**Task brief**
What you return should match the material below line for line, except that no image appears in it.
Top of Dataset extract
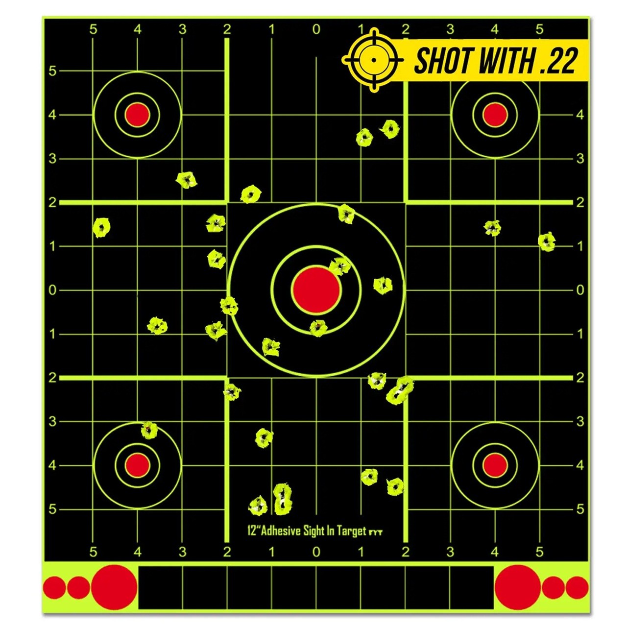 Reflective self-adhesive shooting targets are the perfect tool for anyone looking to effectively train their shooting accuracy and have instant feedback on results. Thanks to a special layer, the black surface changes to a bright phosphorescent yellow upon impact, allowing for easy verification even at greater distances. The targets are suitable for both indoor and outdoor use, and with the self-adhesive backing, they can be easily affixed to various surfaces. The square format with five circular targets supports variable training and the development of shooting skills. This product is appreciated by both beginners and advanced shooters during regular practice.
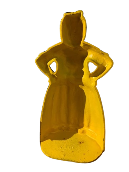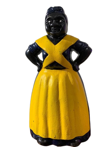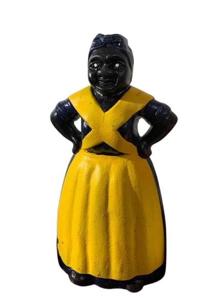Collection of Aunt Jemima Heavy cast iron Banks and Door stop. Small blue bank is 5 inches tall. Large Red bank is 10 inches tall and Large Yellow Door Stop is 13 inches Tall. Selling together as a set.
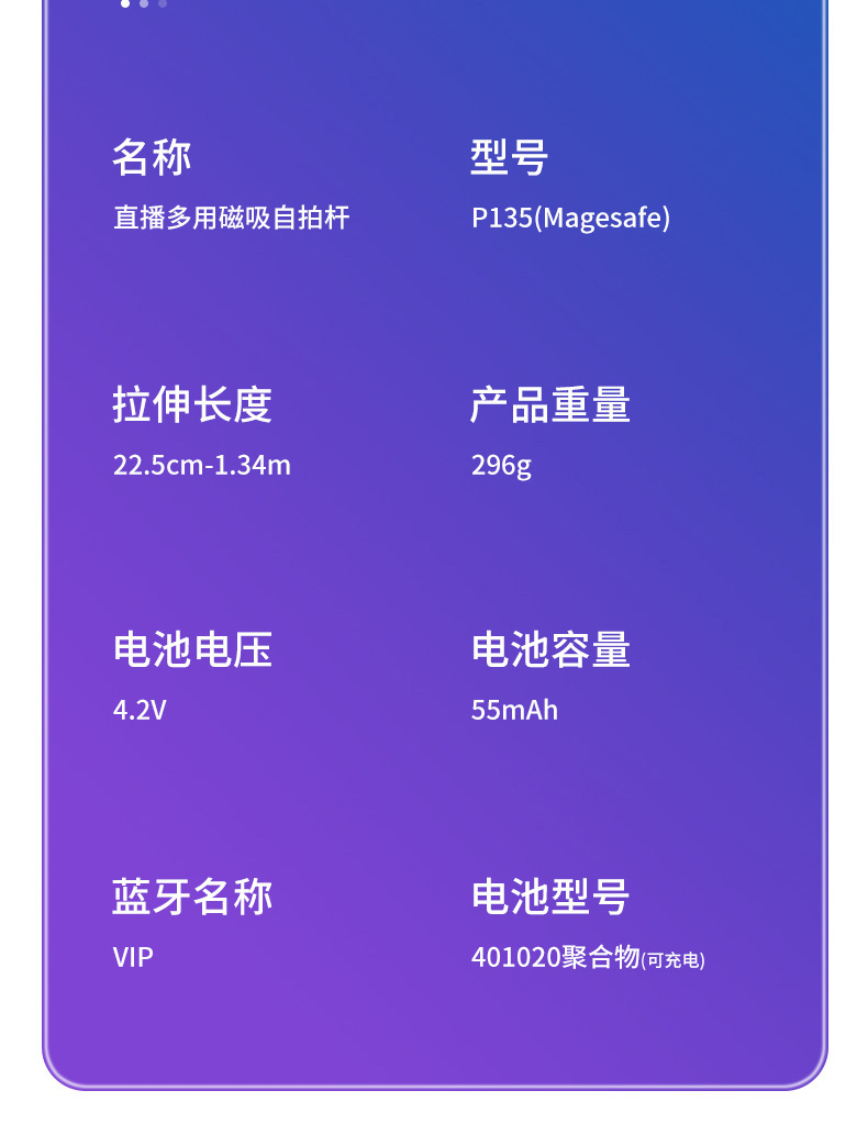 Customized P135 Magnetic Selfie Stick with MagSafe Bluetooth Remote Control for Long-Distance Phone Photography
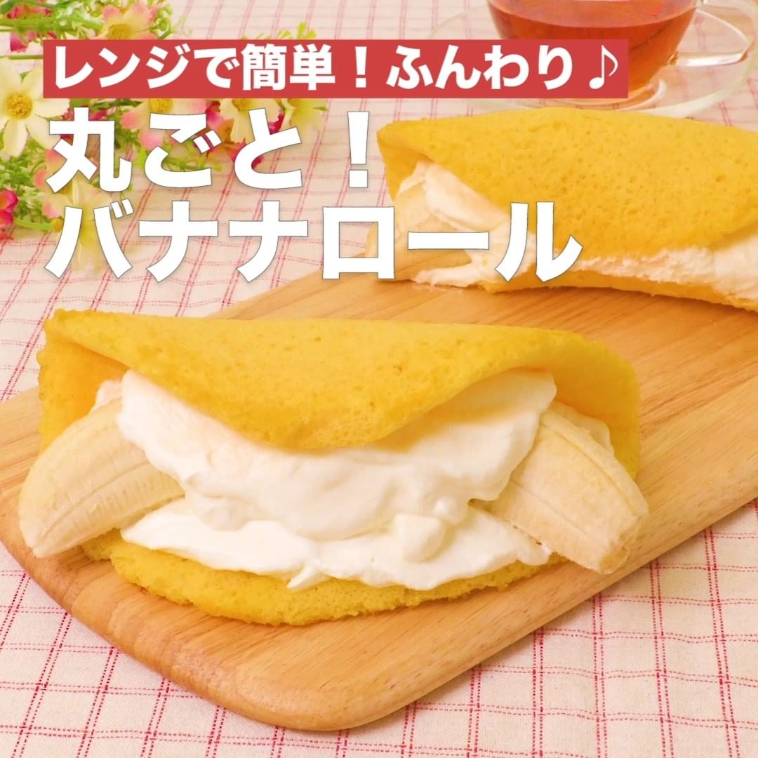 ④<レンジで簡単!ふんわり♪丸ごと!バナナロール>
Bottom of Dataset extract
**Answer to the exercise**
 Reflective self-adhesive shooting targets are the perfect tool for anyone looking to effectively train their shooting accuracy and have instant feedback on results. Thanks to a special layer, the black surface changes to a bright phosphorescent yellow upon impact, allowing for easy verification even at greater distances. The targets are suitable for both indoor and outdoor use, and with the self-adhesive backing, they can be easily affixed to various surfaces. The square format with five circular targets supports variable training and the development of shooting skills. This product is appreciated by both beginners and advanced shooters during regular practice.
Collection of Aunt Jemima Heavy cast iron Banks and Door stop. Small blue bank is 5 inches tall. Large Red bank is 10 inches tall and Large Yellow Door Stop is 13 inches Tall. Selling together as a set.
 Customized P135 Magnetic Selfie Stick with MagSafe Bluetooth Remote Control for Long-Distance Phone Photography
 ④<レンジで簡単!ふんわり♪丸ごと!バナナロール>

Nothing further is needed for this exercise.